Director, AI Alignment and Interpretability (remote)

CrowdStrike CrowdStrike · Enterprise · United States · Remote

Lead alignment and interpretability research for security-domain AI systems, focusing on understanding model internals, detecting misuse, and developing methods for training interventions, behavioral constraints, and evaluation protocols. This role involves hands-on research leadership in a novel problem space.

What you'd actually do

  1. Own the alignment and interpretability research agenda for security-domain AI. Set priorities, personally lead the hardest open problems, and develop methods that explain model behavior mechanistically: not just what models do, but why, and what that implies at the edges of their training distribution.
  2. Build and apply techniques for detecting offensive-misuse signal in model internals, including probing for latent representations of vulnerability knowledge, circuit analysis to understand how security-relevant capabilities are encoded, and activation analysis to surface risk that behavioral testing alone would miss.

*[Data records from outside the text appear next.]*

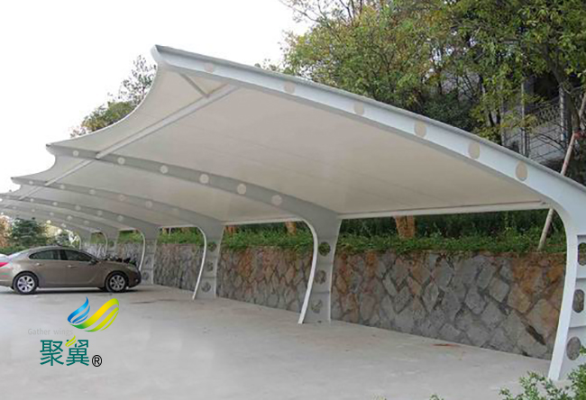 膜結構車棚是用強度柔性薄膜材料與支撐系統相結合形成具有剛度的安穩曲面,膜結構車棚可以承受外荷載的空間結構方式。膜結構車棚具有造型自在輕盈、阻燃、制作簡易、安裝快捷、節能、易于運用等長處。
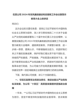 在某公司2024年党风廉政建设和反腐败工作会议暨警示教育大会上的讲话
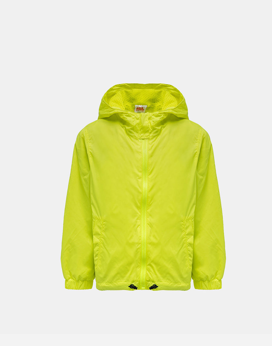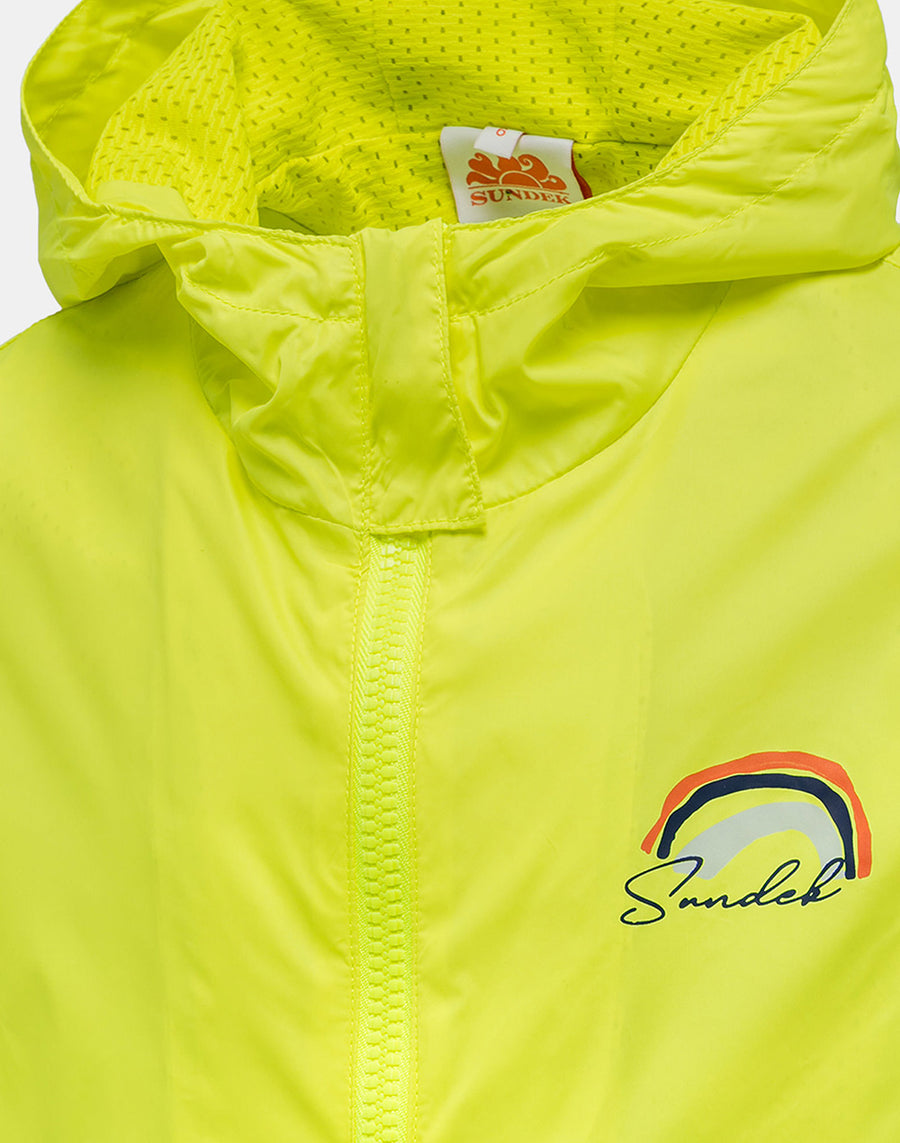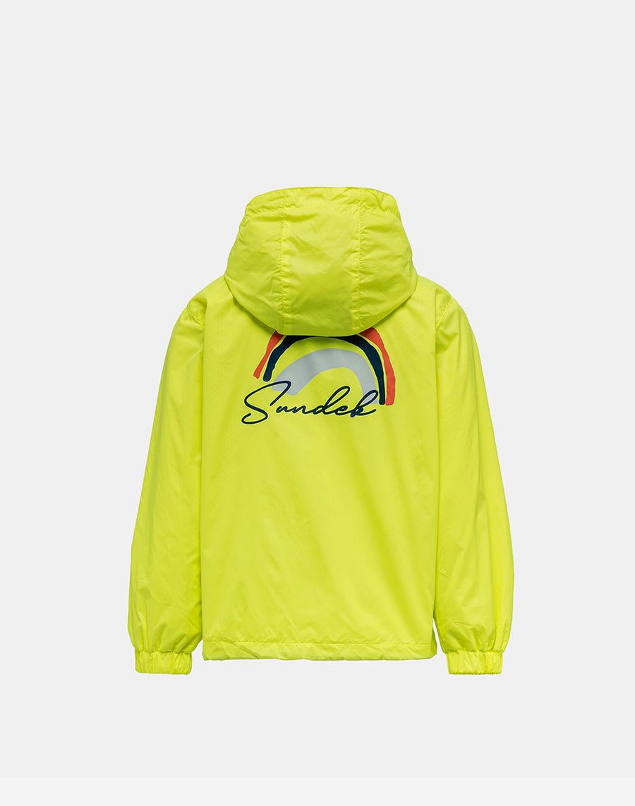 This lightweight and windproof unlined jacket, fastened with a zip and equipped with a hood, is a versatile option, designed to withstand the changing weather. Perfect for little ones who love a sporty look. Embellished with a fun Kidoodle rainbow print,

Work closely with the adversarial evaluation team to close the loop between what they find in testing and what you find in the weights.
  3. Develop alignment methodology for security-domain AI and own the evaluation framework that makes it measurable. This includes behavioral constraints, training interventions grounded in interpretability findings, deployment guardrails, and the benchmarks and tests that give the team confidence that models operate within intended bounds as a demonstrated property, not an assertion.
  4. Contribute original research through publications and external engagement. Interpretability for security-specialized models is understudied. Publishing this work is part of the job.
  5. Recruit, develop, and retain a lean team of research scientists. Set a technical bar through your own contributions, not just your expectations.

Skills

Required

  • MS or PhD in machine learning, computer science, or a related field, with research depth in interpretability, AI alignment, or a closely adjacent area.
  • 8+ years in ML research or engineering, with direct experience doing interpretability or alignment research on large language models.
  • Hands-on expertise with mechanistic interpretability methods (probing classifiers, circuit analysis, activation patching, causal tracing, feature visualization) applied to real models.
  • Experience designing and running alignment evaluations: behavioral testing, capability elicitation, red-lining, or similar methodologies rigorous enough to support meaningful safety claims.
  • Track record of leading and growing researchers while remaining an active technical contributor yourself.

Nice to have

  • Background in offensive security, vulnerability research, or adversarial ML, with enough depth to recognize what you find in model internals and reason about misuse potential.
  • Published research in mechanistic interpretability, AI alignment, or AI safety.
  • Experience applying interpretability methods to domain-specialized or fine-tuned models, not only general-purpose foundation models.
  • Familiarity with alignment challenges specific to models with dual-use capability: systems that understand and can reason about offensive techniques, and what that means for responsible deployment.
  • History of working closely with adversarial evaluation or red teams, using behavioral findings to motivate internal analysis and vice versa.

What the JD emphasized

  • alignment and interpretability research
  • security-domain AI
  • mechanistic interpretability
  • AI alignment
  • AI safety
  • offensive security
  • vulnerability research
  • adversarial ML
  • dual-use capability

Other signals

  • alignment research
  • interpretability research
  • security-domain AI
  • mechanistic interpretability
  • AI safety